───── Information supplied ─────

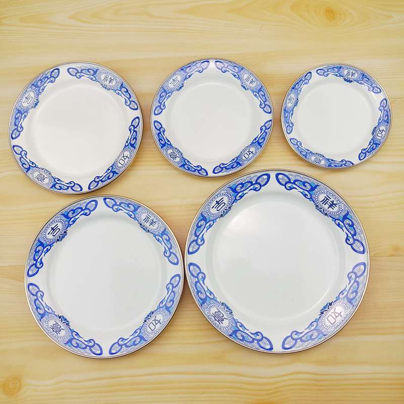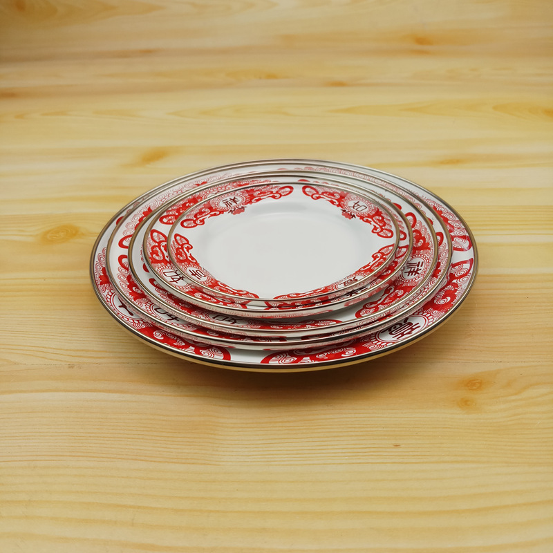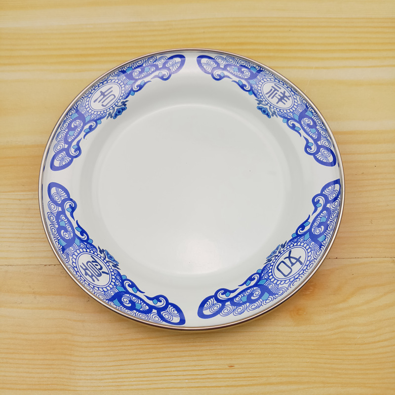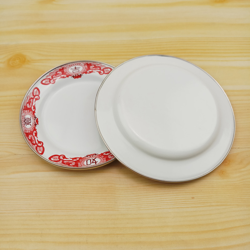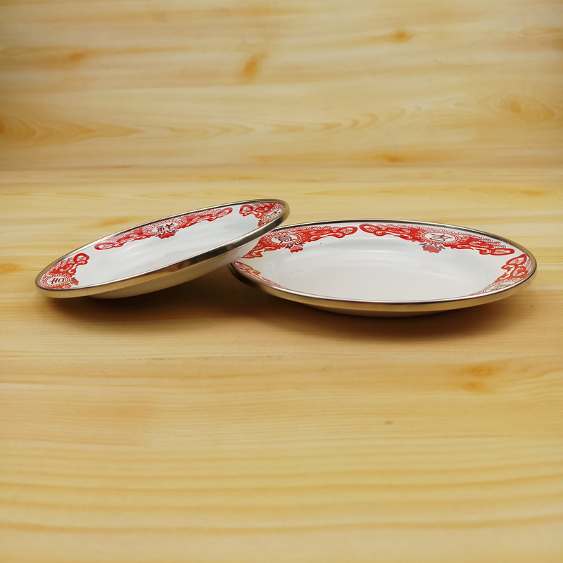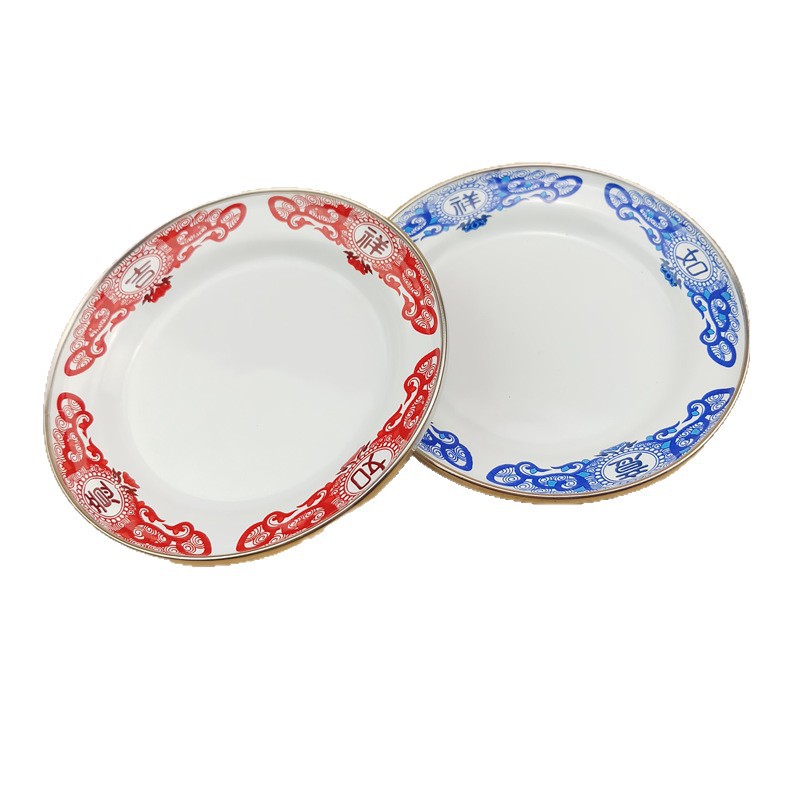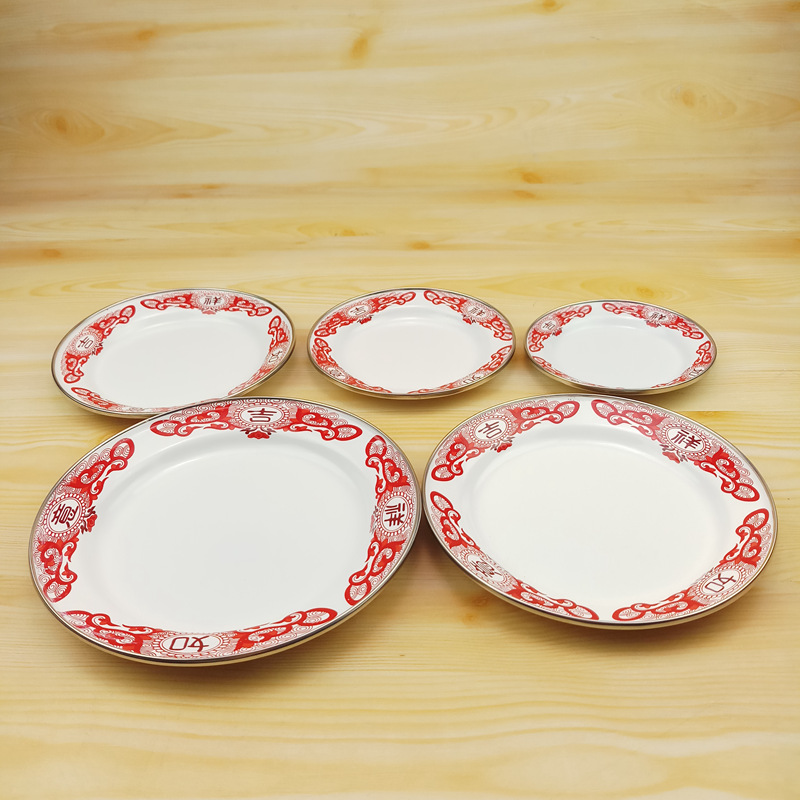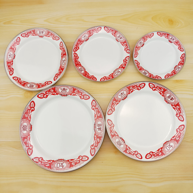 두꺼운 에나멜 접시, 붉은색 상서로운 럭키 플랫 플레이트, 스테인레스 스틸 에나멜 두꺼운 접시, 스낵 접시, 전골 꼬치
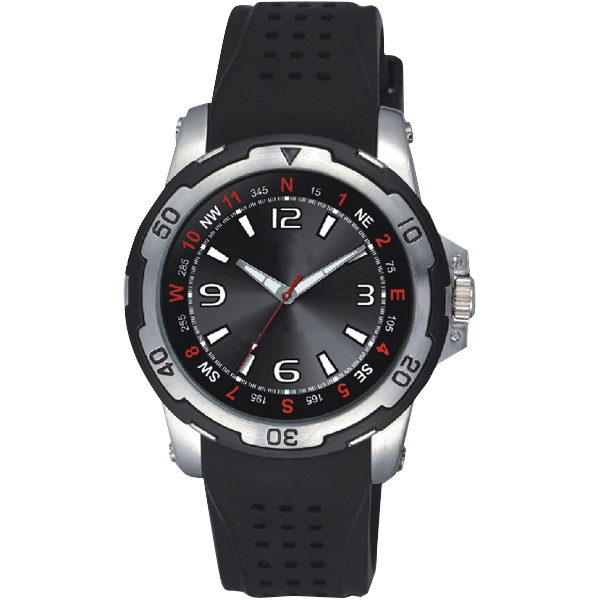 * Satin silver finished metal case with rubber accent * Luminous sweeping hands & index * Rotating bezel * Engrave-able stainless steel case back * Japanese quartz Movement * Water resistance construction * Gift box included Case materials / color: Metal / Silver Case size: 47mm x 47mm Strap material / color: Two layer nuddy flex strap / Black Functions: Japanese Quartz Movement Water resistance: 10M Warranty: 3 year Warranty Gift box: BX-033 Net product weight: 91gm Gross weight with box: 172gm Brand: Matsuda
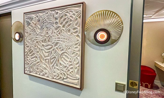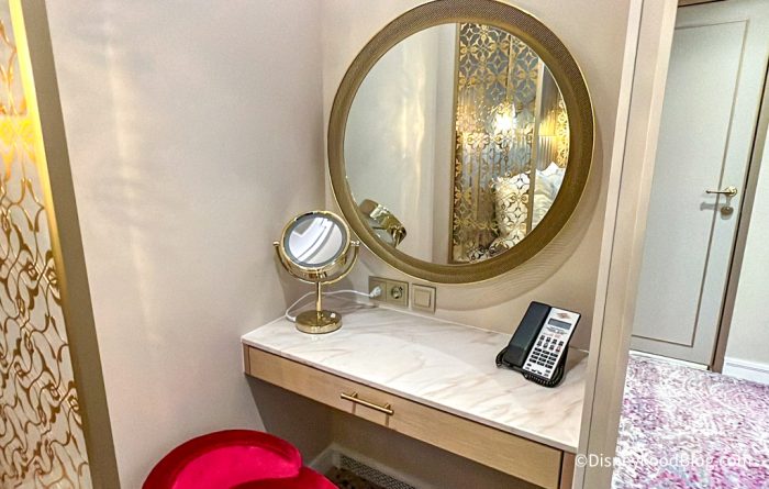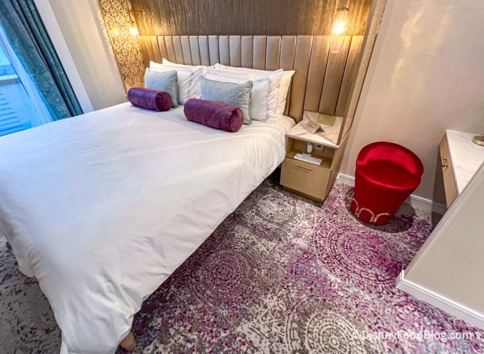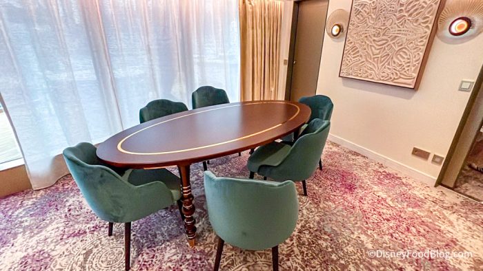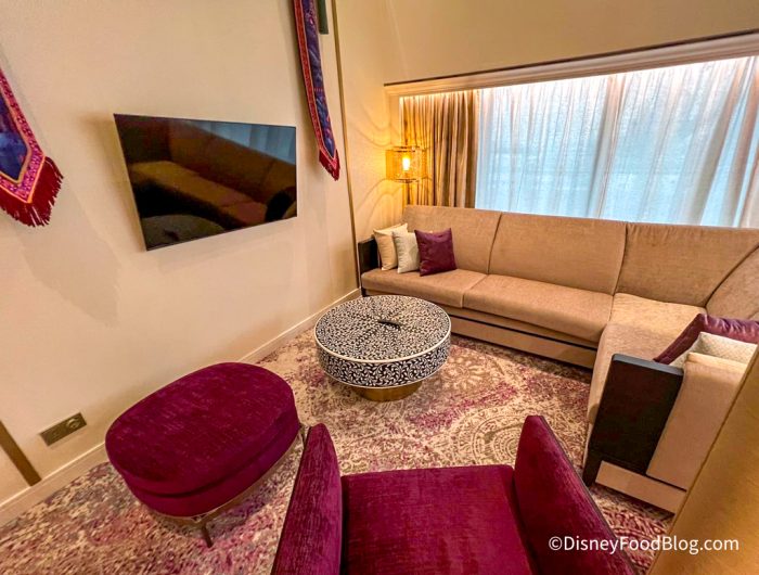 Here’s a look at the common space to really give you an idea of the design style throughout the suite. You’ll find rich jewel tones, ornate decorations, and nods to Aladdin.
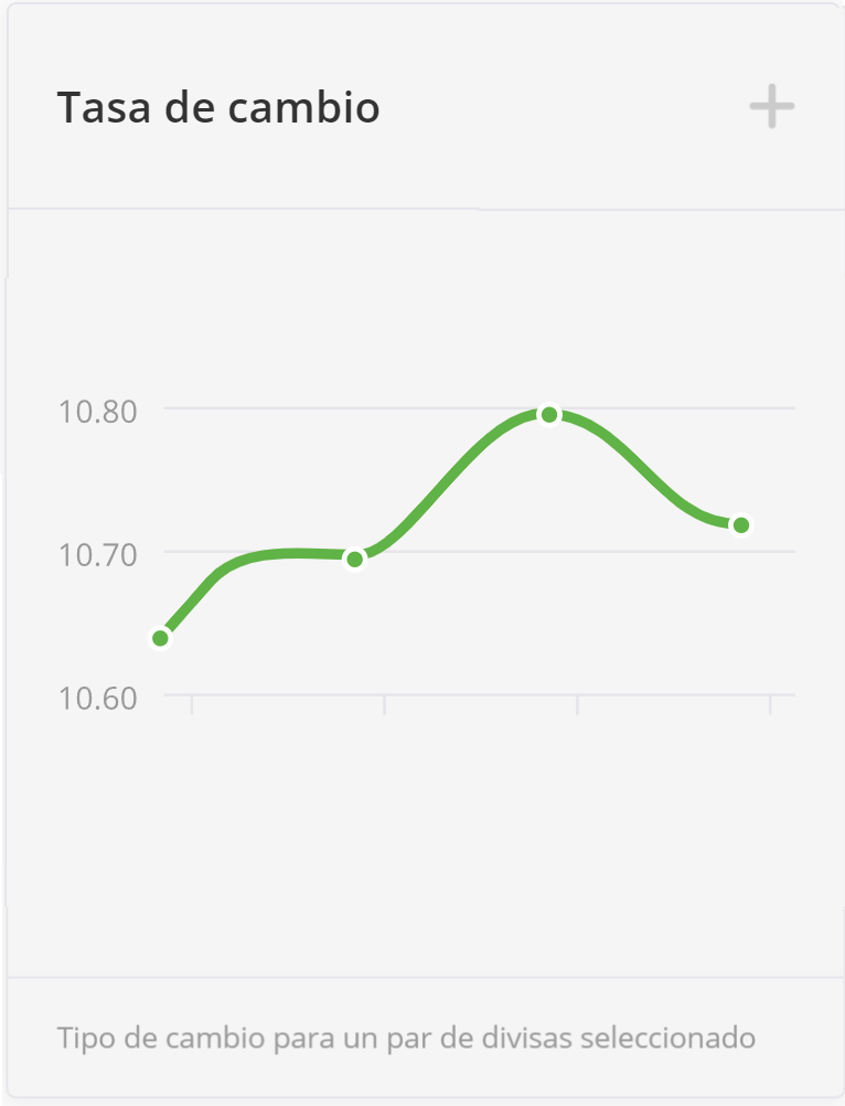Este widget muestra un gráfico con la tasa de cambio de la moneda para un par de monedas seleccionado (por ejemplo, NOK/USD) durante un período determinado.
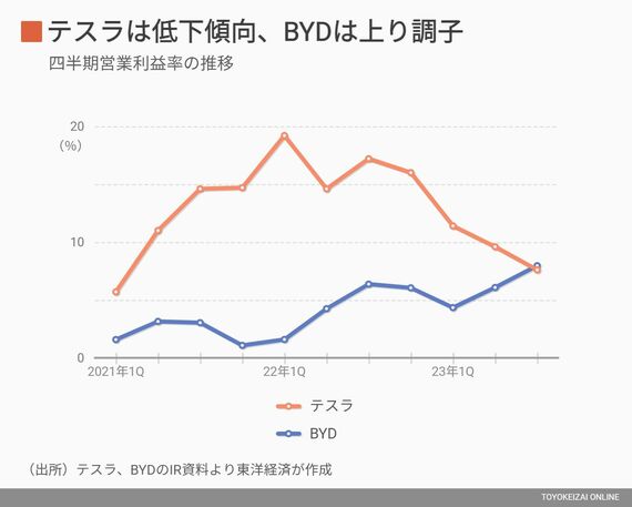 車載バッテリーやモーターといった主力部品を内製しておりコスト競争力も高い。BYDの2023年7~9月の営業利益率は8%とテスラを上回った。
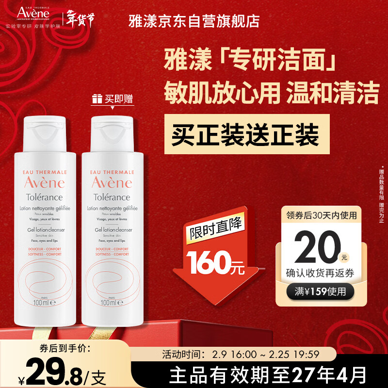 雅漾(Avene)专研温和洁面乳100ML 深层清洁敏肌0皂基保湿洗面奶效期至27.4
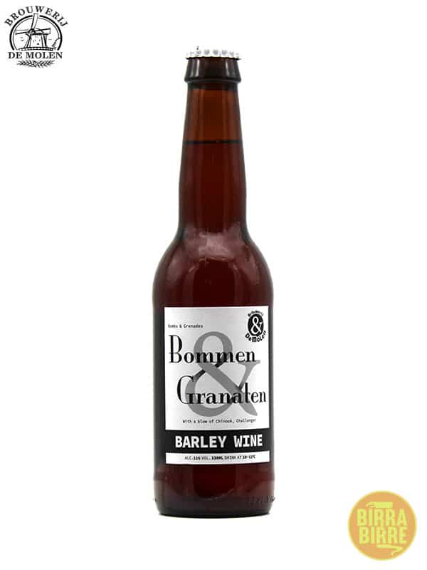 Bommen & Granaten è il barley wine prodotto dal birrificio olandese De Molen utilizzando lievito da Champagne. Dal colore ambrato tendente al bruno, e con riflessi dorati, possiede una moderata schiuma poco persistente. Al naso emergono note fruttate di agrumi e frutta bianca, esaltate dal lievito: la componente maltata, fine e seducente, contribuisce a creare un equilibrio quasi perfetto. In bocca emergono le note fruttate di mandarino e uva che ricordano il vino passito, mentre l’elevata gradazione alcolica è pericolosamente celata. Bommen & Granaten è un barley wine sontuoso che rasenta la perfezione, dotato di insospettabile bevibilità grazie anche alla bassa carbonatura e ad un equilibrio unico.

─────

• Exercise aim: Word for word, retype the lines in the entries above that run from the one with "車載バッテリーやモーターとい" through the one with "雅漾(Avene)专研温和洁". Both ends count; pictures do not.

• Task response:
 車載バッテリーやモーターといった主力部品を内製しておりコスト競争力も高い。BYDの2023年7~9月の営業利益率は8%とテスラを上回った。
 雅漾(Avene)专研温和洁面乳100ML 深层清洁敏肌0皂基保湿洗面奶效期至27.4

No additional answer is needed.